NCBI/Sequences

Ćwiczenie I
Poszukiwanie homologów - BLASTN/BLASTX
  1. Znajdź w bazie NCBI/Nucleotide sekwencję X17S348 (element insercyjny IS6110 Mycobacterium tuberculosis). W roku 1994 na podstawie zamplifikowanych fragmentów DNA tej sekwencji, znalezionych w płucach peruwiańskiej mumii, postawiono hipotezę o występowaniu gruźlicy w Ameryce przed przybyciem Europejczyków... Aby dodatkowo potwierdziæ wyniki autorzy zamplifikowali również fragment DNA 133 bp, sekwencji kodującej położonej w pobliżu IS611:
    ggtctcaaacgcggcatcgaaaaggccgtggagaaggtcaccgagaccc
    tgctcaagggcgccaaggaggtcgagaccaaggagcagattgcggcca
    ccgcagcgatttcggcgggtgaccagtccatcggtgac

  2. Wejdź na stronę NCBI/BLAST.
  3. Przeszukaj bazę danych nr przy pomocy sekwencji IS6110 oraz fragmentu 133bp (użyj programów BLASTN i BLASTX)
  4. Spróbuj odpowiedzieć na następujące pytania:
    • Czy sekwencja IS6110 jest unikalna dla gruźlicy ? Jeżeli nie, w jakich organizmach występują homologi ?
    • Jakiego rodzaju białko jest kodowane przez fragment 133bp?
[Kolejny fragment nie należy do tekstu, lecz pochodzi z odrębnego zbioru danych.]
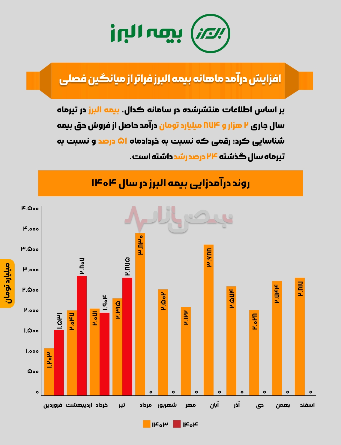اینفوگرافی / افزایش درآمد ماهانه بیمه البرز فراتر از میانگین فصلی

Czy jest ono unikalne dla gruźlicy ?
    • Czy pierwotna teza artykułu z 1992 pozostaje uzasadniona ?
[Podano za: "Discovering Genomics, Proteomics & Bioinformatics"; AM Campbell, LJ Heyer; Pearson Education; 2003; p. 52]
Ćwiczenie II
Poszukiwanie homologów - BLASTP
  1. Wejdź na stronę NCBI/BLAST.
  2. Użyj BLASTP aby odnaleźć homologi przykładowej sekwencji. Uruchom dwa zapytania - jedno ograniczone do białek roślinnych, drugie do białek zwierzęcych.
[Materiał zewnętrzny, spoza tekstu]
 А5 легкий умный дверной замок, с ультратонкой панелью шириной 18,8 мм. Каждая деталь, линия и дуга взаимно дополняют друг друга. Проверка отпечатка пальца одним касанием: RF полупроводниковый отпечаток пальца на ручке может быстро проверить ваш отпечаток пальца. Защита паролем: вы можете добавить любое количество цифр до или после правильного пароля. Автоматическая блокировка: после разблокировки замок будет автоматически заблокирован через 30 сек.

  3. Spróbuj odpowiedzieć na następujące pytania:
    • czy ma ona jakieś zakonserwowane domeny (wyniki CDD), świadczące o funkcji ?
    • jaką funkcję pełnią białka tej klasy u roślin (użyj linków Related Articles)?
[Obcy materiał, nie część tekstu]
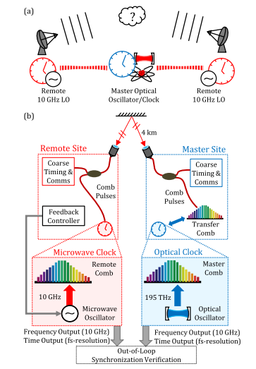 (a) Conceptual multistatic synthetic aperture radar where an array of microwave oscillators are synchronized to a single master optical oscillator; LO, local oscillator. (b) The master site’s clock is based on a laser stabilized to an optical cavity (optical oscillator). The remote site’s clock is based on a combined quartz oscillator and DRO. This remote microwave clock is tightly synchronized to the optical clock over a folded 4 km long air path via O-TWTFT. The time and the frequency outputs from each clock are compared in a separate measurement to verify femtosecond time offsets and high phase coherence of the synchronized signals

    • jaką funkcję pełnią homologi tego białka u zwierząt (jeśli brak wyników, ogranicz się do obszaru wykrytej konserwatywnej domeny NB-ARC i zastosuj jak najczulsze ustawienia BLASTa) ?
    • czy podobieństwo dotyczy zawsze całości sekwencji ?
Ćwiczenie III
BLAST Two Sequences
  1. Odzyskaj następujące rekordy bazy danych NCBI/Nucleotide, odpowiadające różnym sekwencjom glikoproteiny płaszcza wirusa gorączki Nilu:
    • AF205882 (wyizolowany: Izrael, 1998)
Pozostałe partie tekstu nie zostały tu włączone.